These Were The Best And Worst Performing Assets In January

Tyler Durden's picture

The first in 2013 - namely the Nikkei, because oddly enough everyone ignores that hyperinflation "success story" that is the Caracas stock market, was last in January. And vice versa: the best performing asset last month was the barbarous relic which every Keynesian "expert" once again left for dead in the last year, roundly ignoring that it has been the best performing asset class since the Lehman collapse.

Some additional commentary from Deutsche Bank:

It’s been a turbulent start to the year as EM developments as well as arguably softer global economic data have seen risk sentiment turn negative. The clear outperformers have been DM fixed income and European peripheral equities, whilst it has been a very tough month for other DM equities as well as most EM assets. The performance of commodities has been somewhat mixed.


A difficult 2013 for EM has continued into the start of 2014. Key equity indices have seen notable falls with the MSCI EM index down -6.6%. Bonds have also come under pressure with overall government bond returns of -3.5% led largely by performance of EMEA bonds (-6.3%). The most notable negatives in EM have come in FX. In Figure 1 we show the performance of a number of key EM currencies in January. They have all declined vs. the Dollar with the Argentinean Peso the obvious underperformer falling nearly 19%. There has also been significant weakness in RUB, HUF, TRL and ZAR, which have all fallen by more than 5% against the Dollar.


It has also been a tough month for DM equities. Despite a decent start to the month in Europe, where the DJ Stoxx 600 had returned as much as +2.5% to the 22nd Jan, the negative EM developments saw a notable swing in sentiment and the index eventually ended the month down -1.6%. In the US the S&P 500 has only briefly touched its end of year high and has returned -3.5% on the month. Asian indices have probably seen the worst of the performance with the Nikkei and Hang Seng returning -8.4% and -5.5% respectively. The only real bright spot for DM equities has come from the periphery of Europe where returns have still generally been positive with Ireland (+2.5%), Portugal (+2.5%) and Italy (+2.4%) seeing the best of the performance.


In contrast to the performance of DM equities, DM fixed income has had a solid start to the year as core government bond yields have generally fallen. Despite the fact that the Fed has started to taper QE, the 10 year Treasury yield has fallen 38bps, which has helped the Treasury index return +1.6% in January. Similarly the 10 year Bund and Gilt yields have fallen 27bps and 32bps respectively with the indices returning +2.2% and +2.1% respectively.

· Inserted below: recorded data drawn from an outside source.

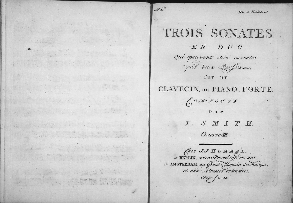 | Alternative. Title | Trois Sonates en duo qui peuvent etre executes par deux personnes, sur un clavecin, ou piano forte |
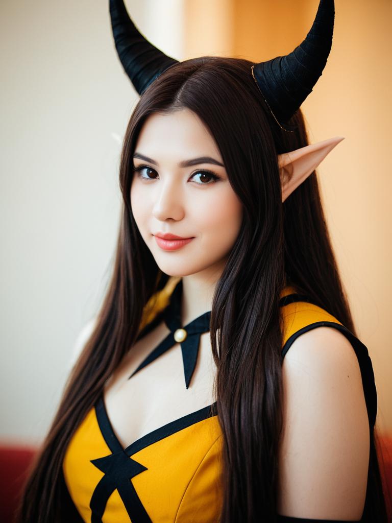 Photo-realistic cosplay photo of person in arulumaya costume. 1girl, pointy ears, brown eyes, mole under eye, long hair, brown hair, black hair, small breasts, harvinlifestyle stock photo, shallow depth of field, lifestyle stock photography, shallow depth of field, natural lighting, warm tones, soft background blur, candid moments, vibrant colors, realistic textures, modern casual clothing. full body shot
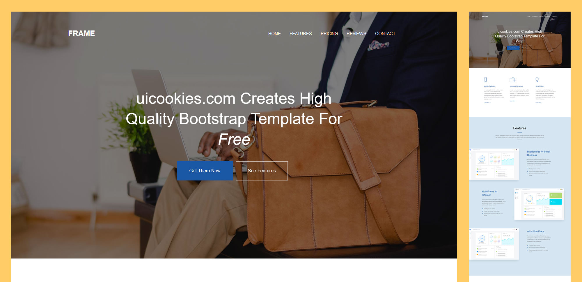 Frame is a free one-page HTML5 website template using bootstrap. It’s a multipurpose template suitable for business startups or landing page for any business. It has a features section, parallax, pricing, reviews and contact with a beautiful and awesome design.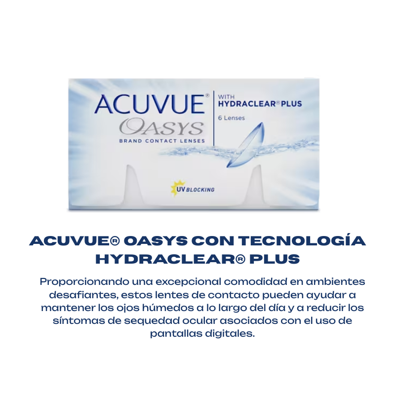 ¿Cansado de los lentes de contacto que se secan y te incomodan los ojos? los Lentes de contacto Acuvue Oasys Promo 2 cajas están diseñado para brindar una comodidad excepcional, incluso en entornos difíciles. Ya sea que pases horas frente a la pantalla del ordenador, luchando contra el aire acondicionado seco o disfrutando de un día al aire libre, estos lentes mantendrán tus ojos frescos e hidratados.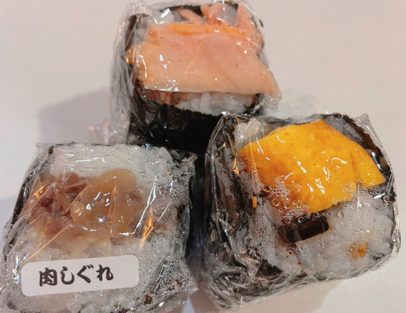 店内には沢山のおむすびがあり、メニューも豊富。冷めても美味しく、旅のお供にもピッタリです。一個130円から220円と、とてもリーズナブルなのもうれしいポイントです。今回は店員さんオススメの品、三個をご紹介します。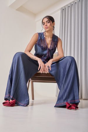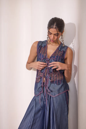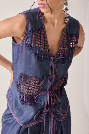 A statement denim vest crafted in 100% Tencel, featuring playful pink topstitching and laser-cut floral cutouts. Can be worn on its own for a bold party look or layered over tees, shirts, or dresses. Versatile, youthful, and designed for comfort — pairs effortlessly with the matching flared pants or anything in your wardrobe.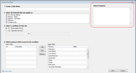 A new Notes/Comments field has been added to the following business rules in Encompass Settings.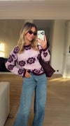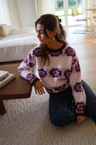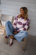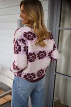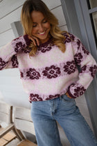 The Pink and Burgundy Nesta Sweater combines softness with vibrant style. Crafted with long sleeves and a classic crew neck, its striking floral patterns bring energy and elegance to any look.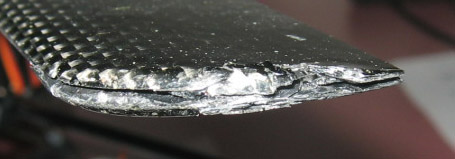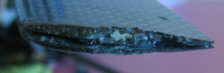 Heliet måtte bort og kose med fryseren og hovedrotor-bladet slo bort i kanten. Heldigvis bare det ene. Se de to bildene under, det er av samme blad. Bør jeg skifte det ut eller kan jeg fortsatt øve meg med det inntill videre?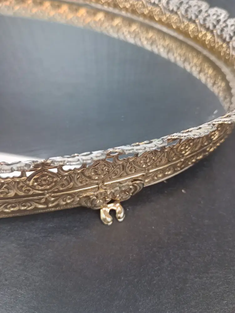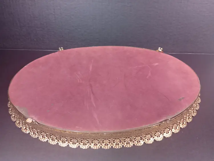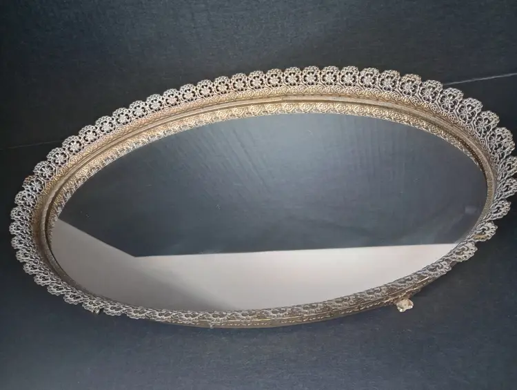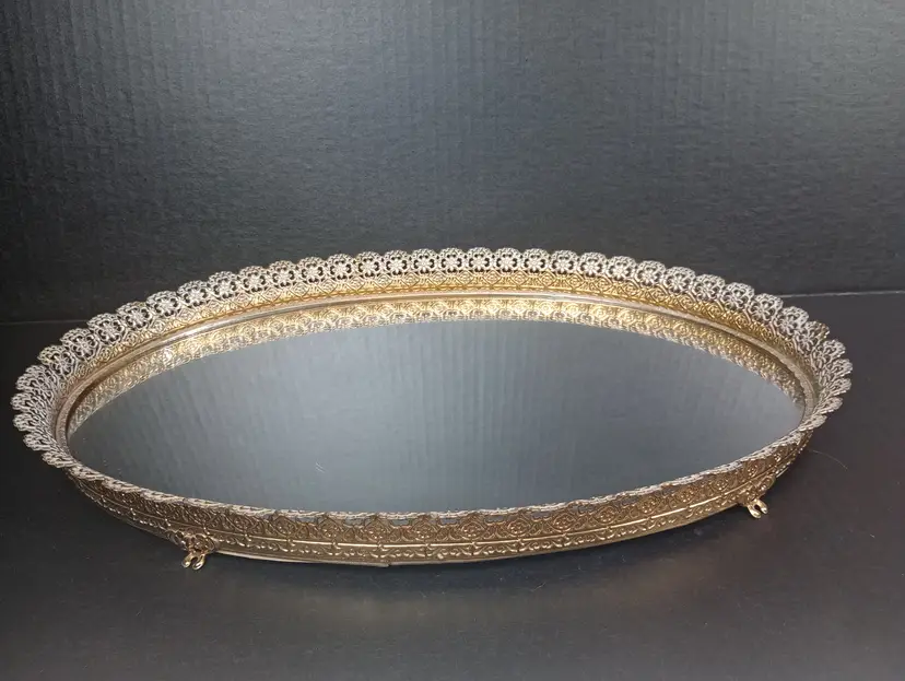 Vintage Hollywood Regency Mid Century 17 in wide oval footed mirrored vanity tray.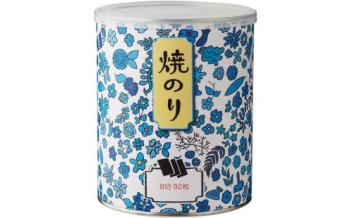 金子海苔店 [創業慶応二年] 有明海産 特選 焼き海苔 8切れ92枚入 (焼きのり 国産) 青い花のギフト缶 贈答品にも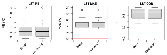 Daily MODIS LST comparative accuracy statistics box plots from two missing data imputation methods (linear and seasonal decomposition with interpolation algorithm) for 22 meteorological stations in the Amhara Region, Ethiopia for 2003–2016.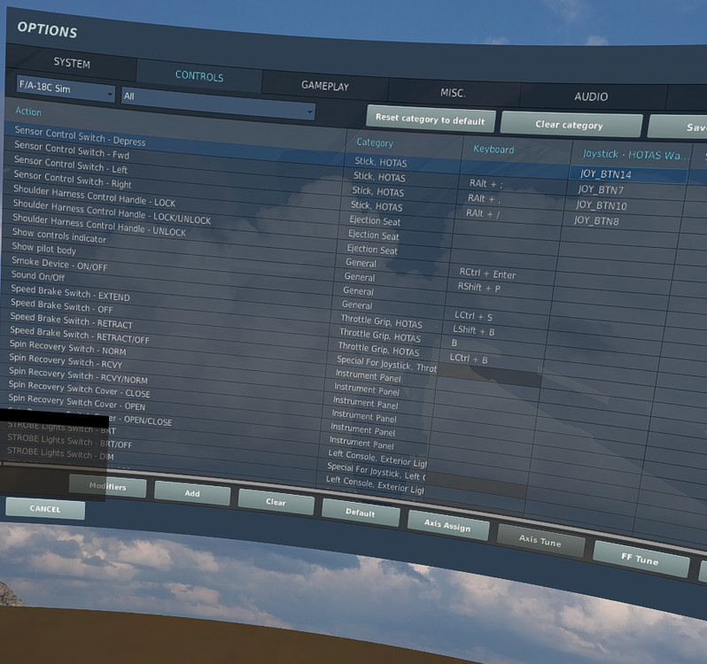 ok I just the mission twice and attached the track files. something I noticed on the first flight that the HUD did not show AUTO, so I thought I did not select the mode correctly. I saw this a few miles out from the target. I reselected Auto several times. When I find my target I use TDC right to point track even if the targets don't move. I saw in Wags video he states to use TDC depress and that is when the auto solution is shown. Also, notice after my flights watching his video again that his HUD shows CCIP before he uses TDC depress. When I press TDC depress nothing happens. As you can see in the screenshot I have the depress modeled on the F18 grip and when clicking it in the controls screen it goes to the right line. As I thought I screwed up the mode selection on the first flight I did it again and with the same results. I have successfully used laser-guided bombs before. AG laser guided first try.trk AG laser guided second try.trk
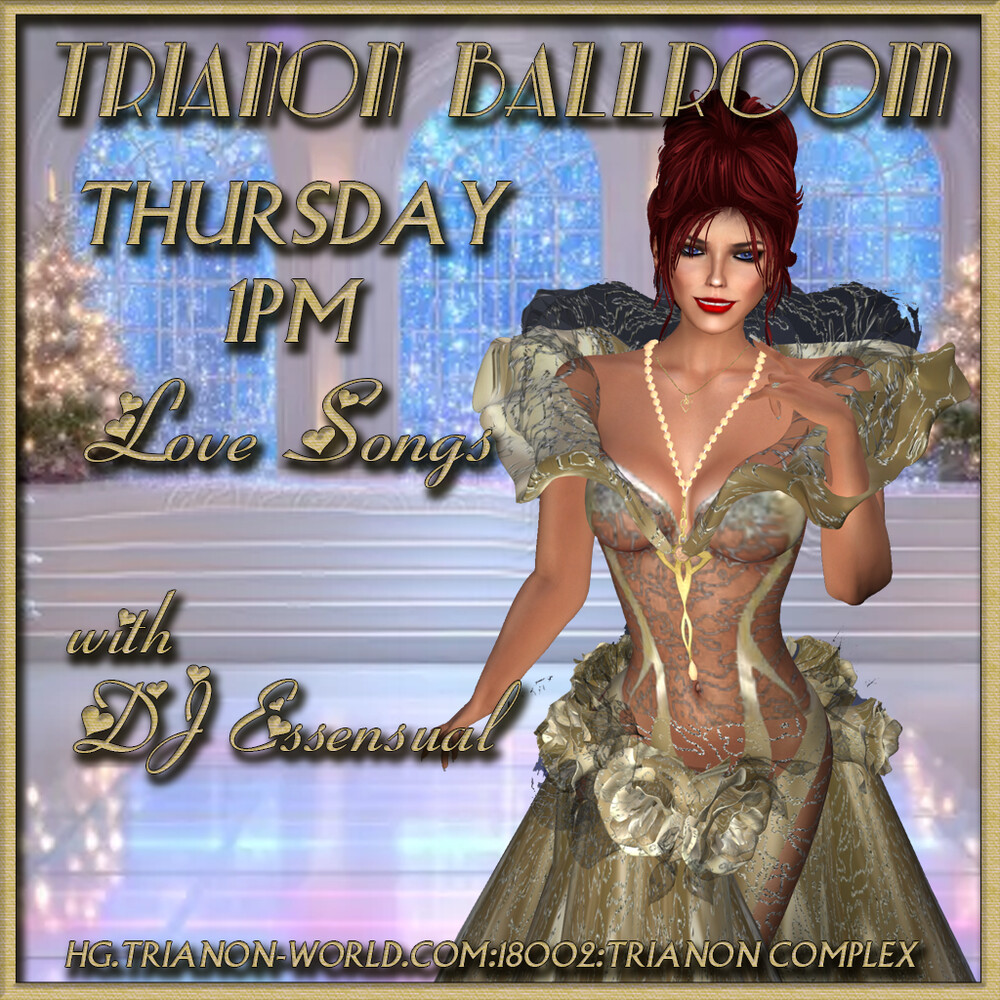 Do you love to dance to soft music, and chat with a group of friendly people or with your partner? If yes, then Trianon's Ballroom is the perfect place for you to be on Thursdays at 1:00 pm PST. The talented DJ Essensual spins beloved ballads and timeless love songs. Trianon offers a unique dance-ball that provides a magical escape into another era, an experience found nowhere else. Dress in your finest attire for this formal venue, and prepare to be transported. You can join us.

Spanish government bonds (+2.8%) have seen the best of the performance. The move in government bonds has also helped corporate credit to produce positive returns despite indices generally widening in spread terms. IG has outperformed HY in the sell-off but credit has held in reasonably well considering the issues elsewhere. In USD credit IG non-financials (+1.9%) have seen the best of the performance while in GBP it has been financials (senior +2.3% and sub +1.9%).

Subordinated financials (+1.7%) have seen the best of the performance in EUR credit after a strong start. Interestingly none of the sub credit components in our performance review have seen negative total returns.


Finally commodities, which have had a mixed month. Overall the CRB index rose +1.1% helped by gains in gold (+3.2%) and corn (+2.8%) while other key commodities were generally down on the month including wheat (-8.2%), copper (-5.9%) and sugar (-5.2%). All the returns above are in local currency. We chart the returns in both local currency and Dollar terms in the pdf.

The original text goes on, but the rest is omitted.